# P-40 Warhawk question



## tonyb (Jan 15, 2011)

I have just purchased a 1/48 Revell P-40B Warhawk and was thinking of building it as Aussie Ace Clive Caldwell's P-40C (RAF 250 Squadron,Western Desert)
Not being very knowledgeable on these aircraft,can anyone please tell me what differences there are between the P-40B and P-40C?
Also,regarding Bob Oestriechers P-40 from the defence of Darwin in Feb 1945,was his aircraft a B or C?
Many thanks.
Tony


----------



## Wurger (Jan 15, 2011)

The difference between B and C variants were new self-sealing fuel tanks. Because of their structure the capacity of these decreased to 135 galons. In order to raise the range of P-40 the fuel drop tank of 52 galons was added. Instead of that there could be the B-7 bomb rack mounted for a 500lb bomb.

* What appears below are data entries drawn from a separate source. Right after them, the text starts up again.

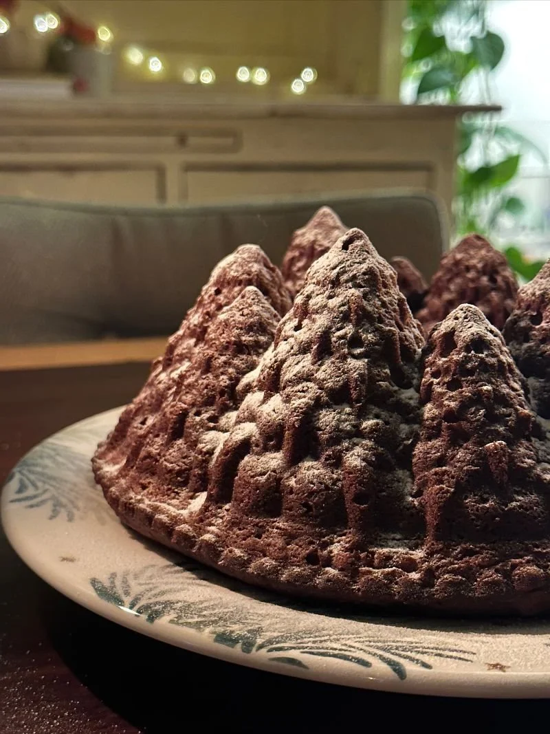 Laat de cake even afkoelen voordat je hem omkeert op een mooie schaal. Strooi er poedersuiker over, zo komen de dennenboompjes mooi uit. Schenk er wat van de karamelsaus over en serveer nog warm met vanille-ijs of slagroom. Serveer de overgebleven karamelsaus in een kannetje erbij.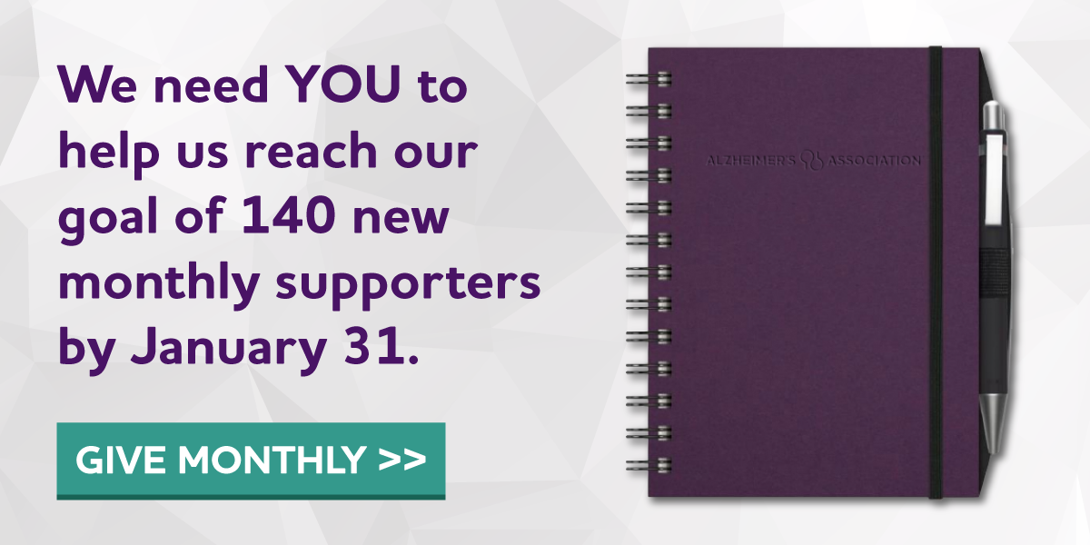 Giving monthly can be a small way to make a big difference. You're in control of the commitment you make. The amount you give each month is up to you, and you can change it at any time. But the moment you become a monthly supporter, at any level, you'll help further our mission to lead the way to end Alzheimer's and all other dementia — by accelerating global research, driving risk reduction and early detection, and maximizing quality care and support.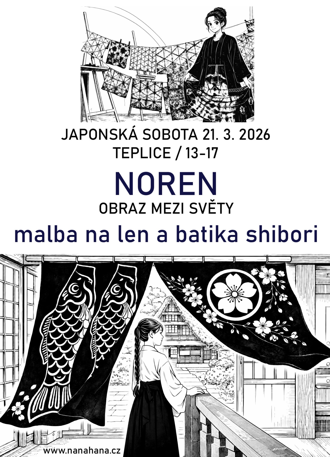 Noren (暖簾) je tradiční japonský závěs, který odděluje prostory, ale zároveň zve dál – hranice mezi vnějším a vnitřním světem. V tomto workshopu se naučíte malbu na textil, techniku skládané batiky shibori a probereme barvení v indigu ve spolupráci s Jiřím Danzingerem – mistrem modrotisku. Každý si vytvoří vlastní tapisérii nebo závěs. Motivy budou vycházet z japonských přírodních symbolů – vln, hor, bambusu či větru – elementů, které chrání domov a přinášejí štěstí.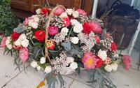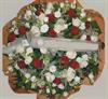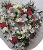 Photo non contractuelleDESSUS DE CERCUEIL LONGUEUR 120 CM AVEC ROSES ROUGES ET FLEURS BLANCHES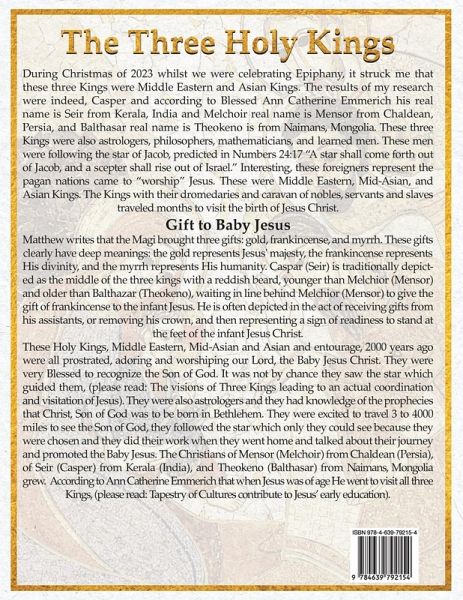 During Christmas of 2023 whilst we were celebrating Epiphany, it struck me that these three Kings were Middle Eastern and Asian Kings. The results of my research were indeed, Casper and according to Blessed Ann Catherine Emmerich his real name is Seir from Kerala, India and Melchoir real name is Mensor from Chaldean, Persia, and Balthasar real name is Theokeno is from Naimans, Mongolia. These three Kings were also astrologers, philosophers, mathematicians, and learned men. These men were following the star of Jacob, predicted in Numbers 24:17 "A star shall come forth out of Jacob, and a…mehr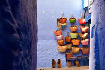 行走于舍夫沙萬(wàn),驚訝于這世間竟會(huì)有這樣的地方,將一種色彩演繹得如此淋漓盡致。屋頂、墻壁、樓梯、窗臺(tái)、甚至花盆,我目光能及的每個(gè)角落都被當(dāng)?shù)厝怂⒊闪怂{(lán)色。

And it was the only thing that could be seen as the difference in the outer view between these two sub-types.


----------



## tonyb (Jan 15, 2011)

Excellent,thanks mate.
Cheers,
Tony.


----------



## Wildcat (Jan 15, 2011)

Hi Tony, Bob Oestreicher's P-40 was an E model over Darwin in 1942.


----------



## tonyb (Jan 16, 2011)

Thanks mate 
Cheers,
Tony.


----------